__To do__. Every line below must be copied as written, except for pictures.

(Stored items from a collection)
##########

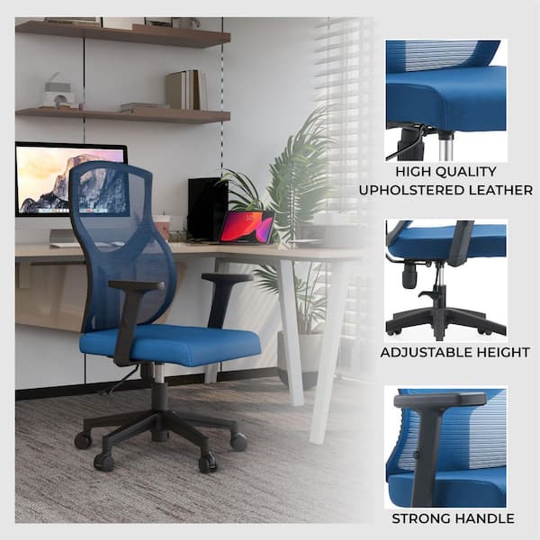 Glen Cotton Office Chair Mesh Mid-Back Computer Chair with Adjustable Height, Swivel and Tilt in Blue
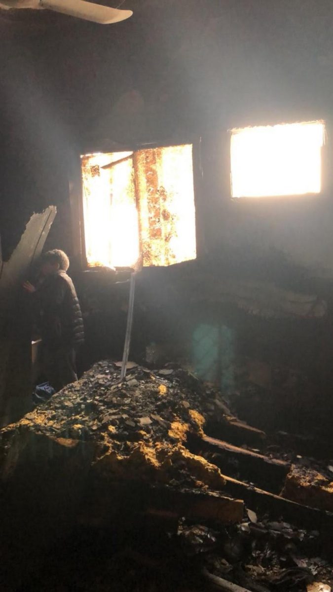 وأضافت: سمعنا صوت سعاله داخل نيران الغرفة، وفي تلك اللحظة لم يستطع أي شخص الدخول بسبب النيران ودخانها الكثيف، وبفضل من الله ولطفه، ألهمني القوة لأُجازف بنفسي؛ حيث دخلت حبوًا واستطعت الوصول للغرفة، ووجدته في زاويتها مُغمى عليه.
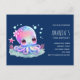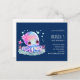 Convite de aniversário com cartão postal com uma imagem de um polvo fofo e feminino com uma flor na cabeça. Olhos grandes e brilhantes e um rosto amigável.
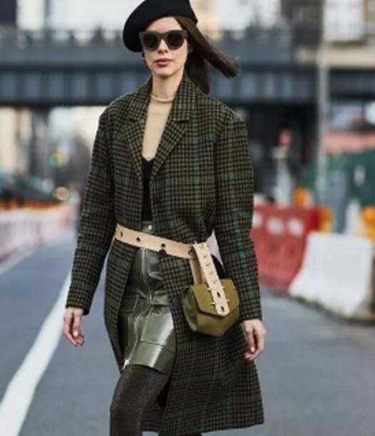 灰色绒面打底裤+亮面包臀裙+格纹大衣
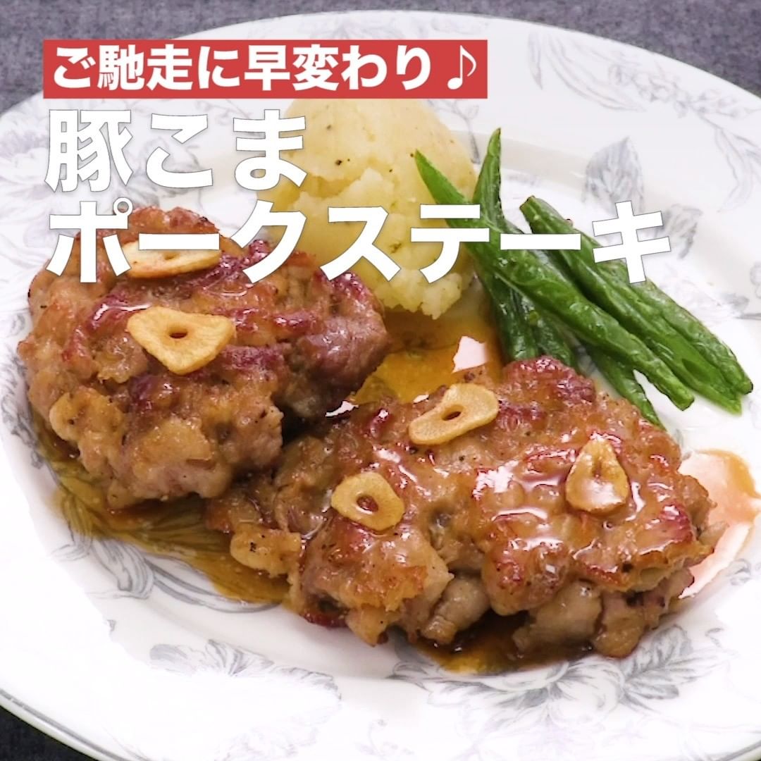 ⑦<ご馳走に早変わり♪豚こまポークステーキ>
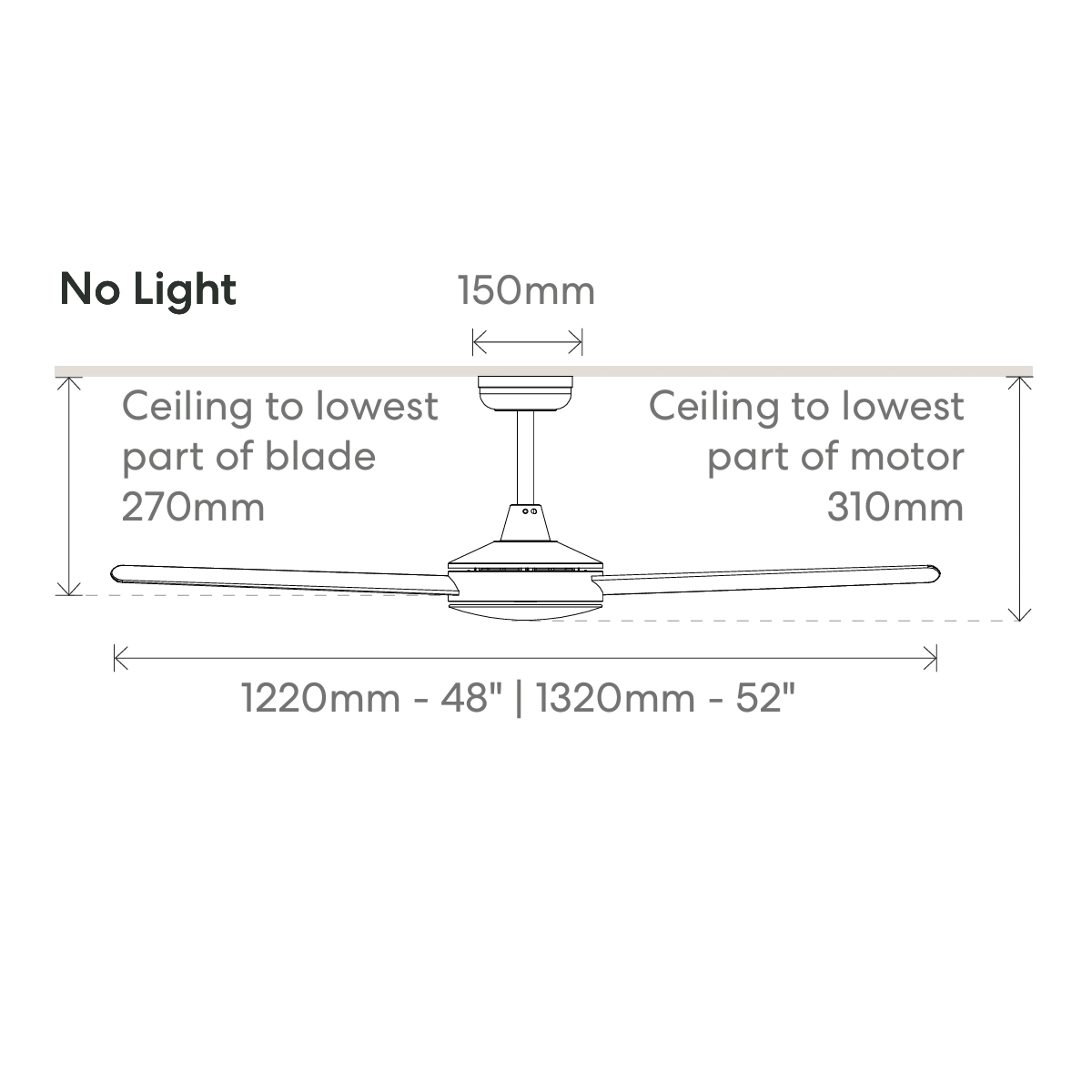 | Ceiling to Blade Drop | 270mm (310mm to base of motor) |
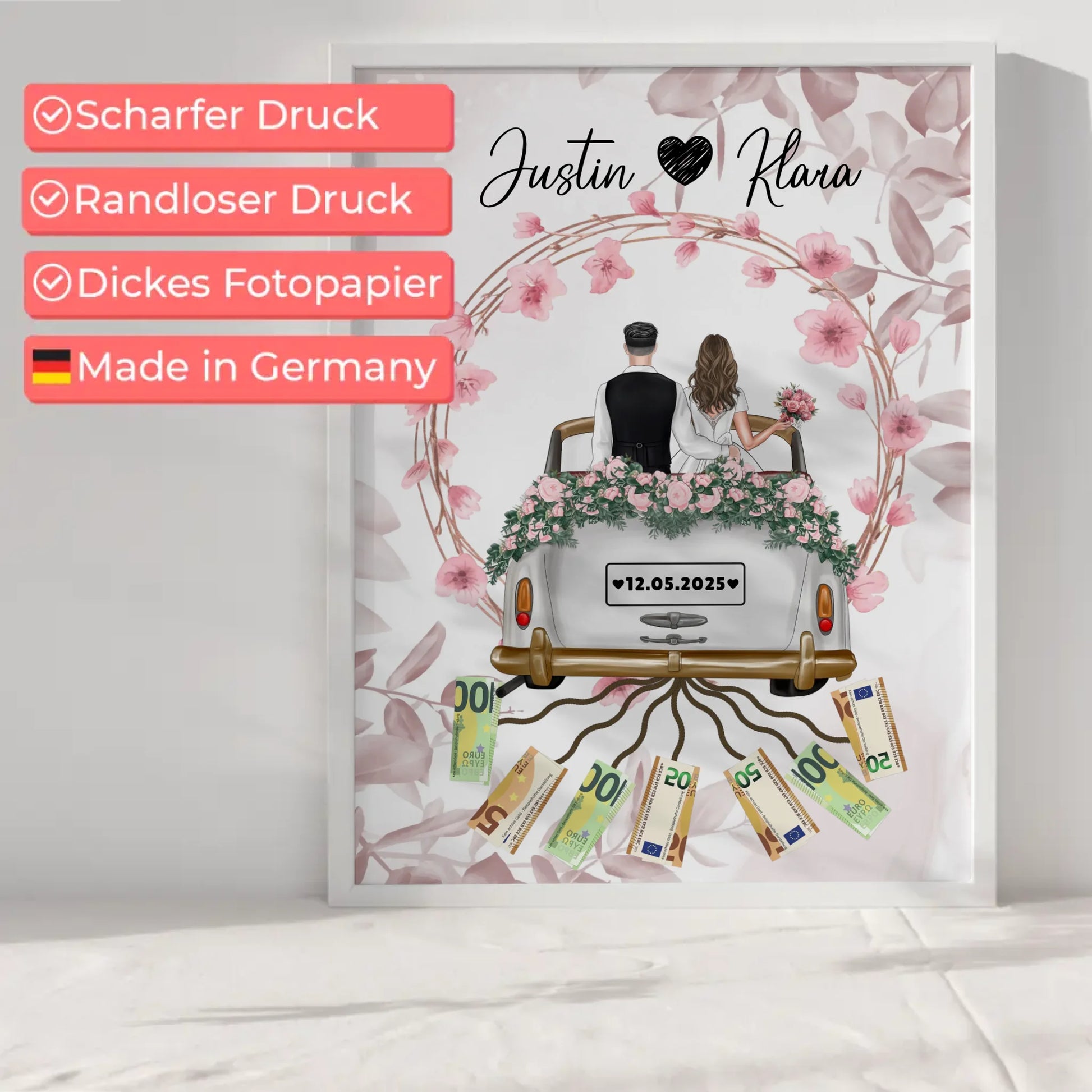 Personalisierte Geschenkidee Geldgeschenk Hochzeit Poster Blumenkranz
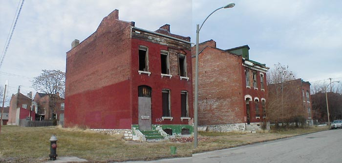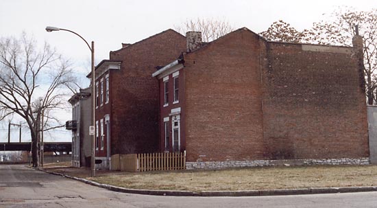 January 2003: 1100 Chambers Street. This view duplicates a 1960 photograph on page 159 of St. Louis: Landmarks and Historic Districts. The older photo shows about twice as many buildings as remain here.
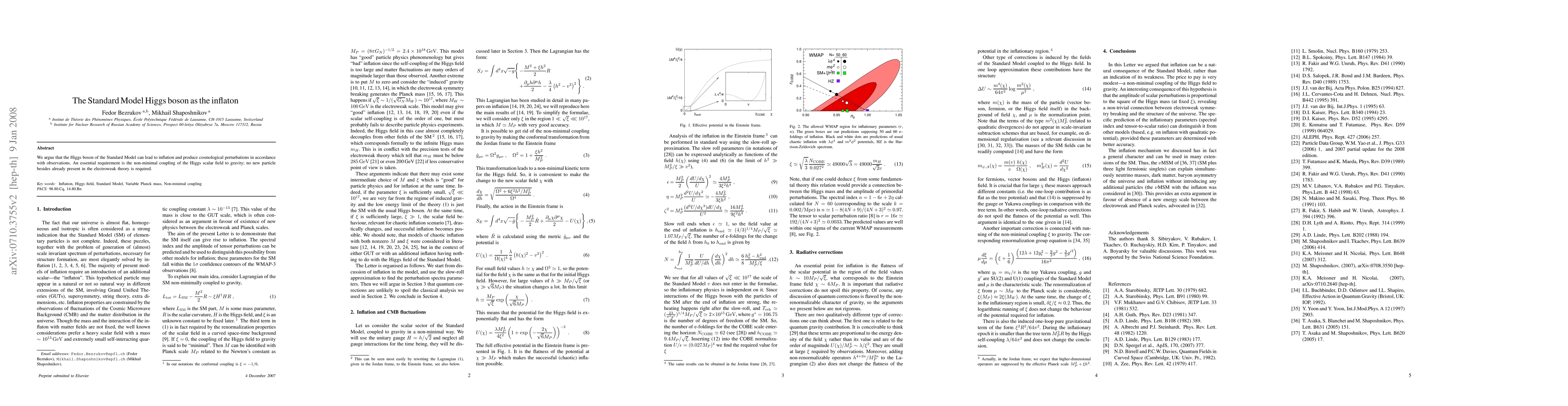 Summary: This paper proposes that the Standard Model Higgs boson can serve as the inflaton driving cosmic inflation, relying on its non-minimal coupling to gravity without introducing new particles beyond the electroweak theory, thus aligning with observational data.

##########

__Exercise result__.
 Glen Cotton Office Chair Mesh Mid-Back Computer Chair with Adjustable Height, Swivel and Tilt in Blue
 وأضافت: سمعنا صوت سعاله داخل نيران الغرفة، وفي تلك اللحظة لم يستطع أي شخص الدخول بسبب النيران ودخانها الكثيف، وبفضل من الله ولطفه، ألهمني القوة لأُجازف بنفسي؛ حيث دخلت حبوًا واستطعت الوصول للغرفة، ووجدته في زاويتها مُغمى عليه.
 Convite de aniversário com cartão postal com uma imagem de um polvo fofo e feminino com uma flor na cabeça. Olhos grandes e brilhantes e um rosto amigável.
 灰色绒面打底裤+亮面包臀裙+格纹大衣
 ⑦<ご馳走に早変わり♪豚こまポークステーキ>
 | Ceiling to Blade Drop | 270mm (310mm to base of motor) |
 Personalisierte Geschenkidee Geldgeschenk Hochzeit Poster Blumenkranz
 January 2003: 1100 Chambers Street. This view duplicates a 1960 photograph on page 159 of St. Louis: Landmarks and Historic Districts. The older photo shows about twice as many buildings as remain here.
 Summary: This paper proposes that the Standard Model Higgs boson can serve as the inflaton driving cosmic inflation, relying on its non-minimal coupling to gravity without introducing new particles beyond the electroweak theory, thus aligning with observational data.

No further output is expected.